Mar 06, 2020 09:24 PM

Jeers of ‘Fake, It’s All Fake’ Greet Beijing VIP in Virus-Stricken Wuhan

Vice Premier Sun Chunlan leads a tour of Wuhan on Thursday to survey local conditions. Photo: CCTV
Vice Premier Sun Chunlan leads a tour of Wuhan on Thursday to survey local conditions. Photo: CCTV

Jeers from nearby buildings that greeted a top Beijing official visiting Wuhan are shining a spotlight on the frustration that many local residents feel living under lockdown in the embattled city at the center of the Covid-19 outbreak.

The incident that made rounds on Chinese social media occurred when Vice Premier Sun Chunlan led a group of government officials to Wuhan’s Qingshan District on Thursday to survey local conditions, including how various communities were coping with the situation. All major transport links to the city have been cut since late January, and many residents are currently not allowed to leave their building compounds as part of Wuhan’s efforts to bring the outbreak under control.

In videos of the incident posted online, taken from upper floors of some of the surrounding apartment buildings, the official group can be seen walking through a tree-landscaped area to the sound of jeers coming from other buildings. One can be clearly heard yelling out, “Fake, it’s all fake!”

In typical fashion, official broadcaster CCTV covered the event in its evening news broadcast, spotlighting difficulties everyday people were facing and how Sun had urged provincial and city officials to take care of problems and not avoid difficult issues. She called on them to put an end to “formalism” and bureaucracy, and encouraged them to work in a practical way, seek the truth and sincerely work to solve problems to raise satisfaction among local citizenry.

Following that incident, some residents of the 12-building, 3,000-unit complex, called Zhongjian Kaiyuan in Chinese, told Caixin that life under lockdown wasn’t always the upbeat picture of harmony and people working together it was sometimes made out to be.

“During the outbreak, property management companies haven’t taken disinfecting work seriously. When central leaders come, (local officials) make a special effort” to show them how everyone is working for the benefit of local residents, one resident told Caixin. “But the reality is that food delivery is often inadequate. Look at how quickly they’ve worked now to put on a show.”

Wuhan has emerged as the major focus of the outbreak, as well as Central China’s Hubei province, of which Wuhan is the capital. The Covid-19 virus is believed to have first emerged in the city, possibly at a seafood market that also sold wild animals but has since been shuttered. Of the more than 80,000 cases of Covid-19 on the Chinese mainland to date, the majority have been in Hubei province, many of those in Wuhan.

While many Chinese cities have instituted restrictive measures to curb the virus’ spread, Wuhan’s are some of the strictest, with residents frequently not allowed to leave their building complexes. To meet their needs, food is often brought in from outside and other services are made available using community workers and volunteers from charitable organizations.
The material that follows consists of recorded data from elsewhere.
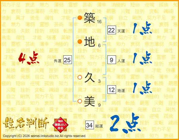 築(16画)地(6画) 久(3画)美(9画)
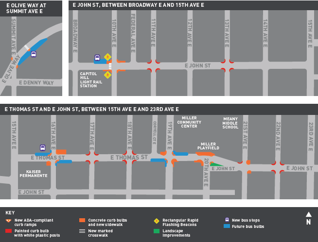 Elsewhere along the 8 route, SDOT is also installing bus bulbs at several stops in Capitol Hill, in coordination with an Neighborhood Street Fund grant that will be improving intersections along the entire John Street and Thomas Street corridor between Broadway and 23rd Ave.
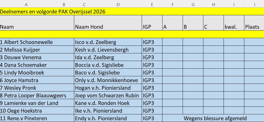 Op zaterdag/zondag 18/19 april 2026 belooft het een zinderende strijd te worden om de titel van Provinciaal Africhtingskampioen Overijssel.
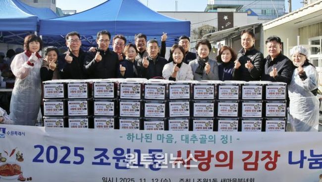 (원투원뉴스) 수원시 장안구 조원1동은 12일 조원1동 환경관리원 쉼터에서 ‘2025년 사랑의 김장 나눔 행사’를 진행했다.
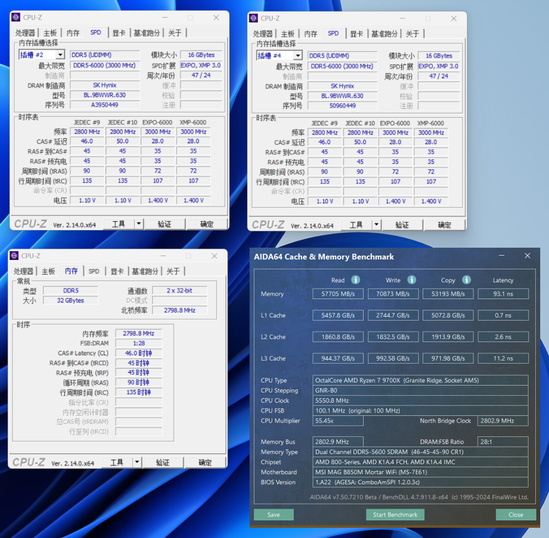 全默狀態,內存讀寫測試,讀取速度爲57705 MB/s,寫入速度爲70873 MB/s,複製速度爲53193 MB/s,延時爲93.1 ns;
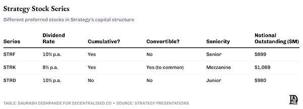 這一結構的核心是三種不同的永久優先股系列:STRF、STRK 和 STRD,每種都針對不同的投資者類型進行了定制。
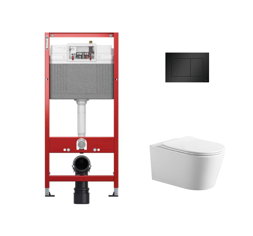 Комплект инсталляции TECEbase 9400414 с чёрной кнопкой и унитазом Amore di Mare Temo Tornado
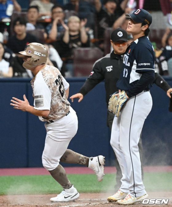 정철원이 등판했으나 볼카운트 3-0까지 몰렸다. 임지열은 초구를 흘려보냈고 3-1에서 속구에 방망이를 휘둘렀다. 타구를 잡아낸 3루수 허경민은 홈으로 빠르게 공을 뿌렸다. 3루 주자는 포스아웃됐고 양의지는 1루로 공을 뿌렸지만 타자주자 임지열의 등에 맞고 공이 빠져나가며 그 사이 2루 주자가 3루를 거쳐 홈을 밟았다.
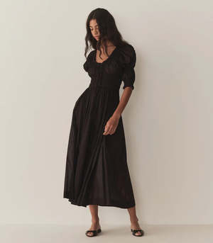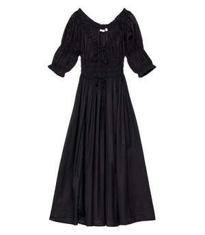 In a soft, lightweight blend of organic cotton and viscose, the best-selling Ischia Dress. Perfect for days in the sun at home or year-round travel. You will fall in love with this closet staple. Featuring double-puffed sleeves and a scoop neckline adorned with petite ruffles and a functional center tie for the perfect fit. 52% organic cotton, 48% viscose.
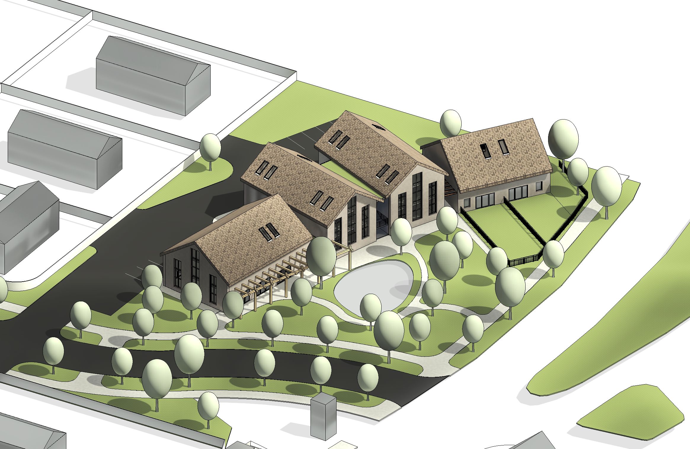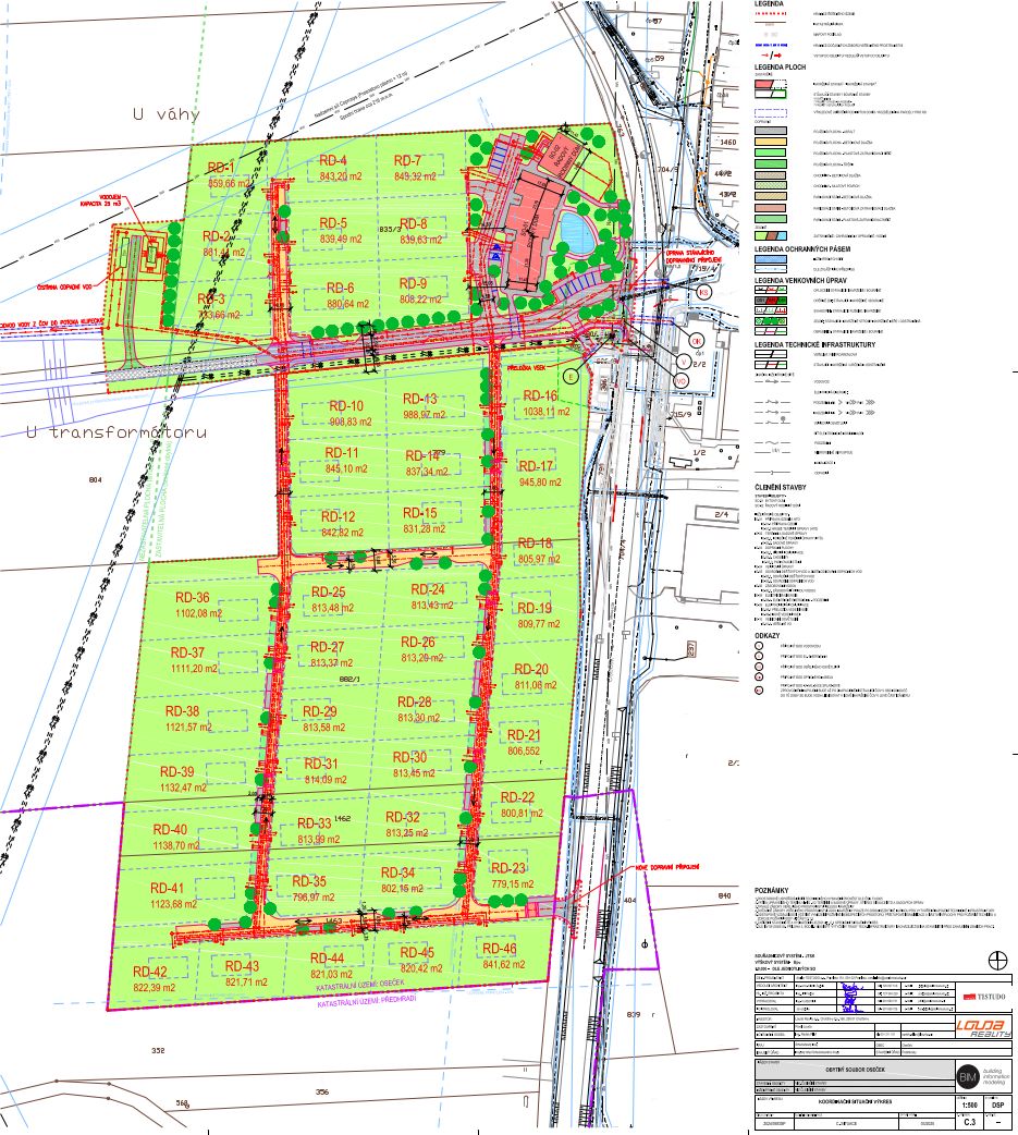 Rozvoj území, napojení na infrastrukturu, parcelace pro rodinné domy, návrh bytového domu.

A resident of the complex told Caixin that people only realized a VIP was visiting when they looked outside on Thursday morning. “Ever since the outbreak began, there hasn’t been anyone on the streets,” the resident said. “But that morning suddenly there were cars being towed, and the street was being disinfected and swept. There were also guards at some of the main gates forbidding people to leave. … So we figured a leader was coming.”

A number of residents told Caixin of a wide range of problems since the outbreak began, including failure by their buildings and local authorities to make timely reports of new infections. They also complained of poor property management since their complex was sealed off, and said disinfection of elevators was inadequate. They also pointed out that 10 yuan ($1.44) food vouchers given as part of the relief effort were distributed via an online chat group for the community, even though some residents had been kicked out of the group previously.

A woman who answered the phone at the complex’s building management office said public areas were disinfected twice a day, once each morning and afternoon. When asked why some residents felt a need to personally disinfect the elevators, she said: “Disinfecting it themselves makes them feel more relaxed.”

Despite the complaints, many residents also acknowledged the work the building management was doing, and added it was inappropriate to use standards for normal times during such a stressful period. Many praised community and charity workers for performing tasks like bringing vegetables and other important daily items to their homes.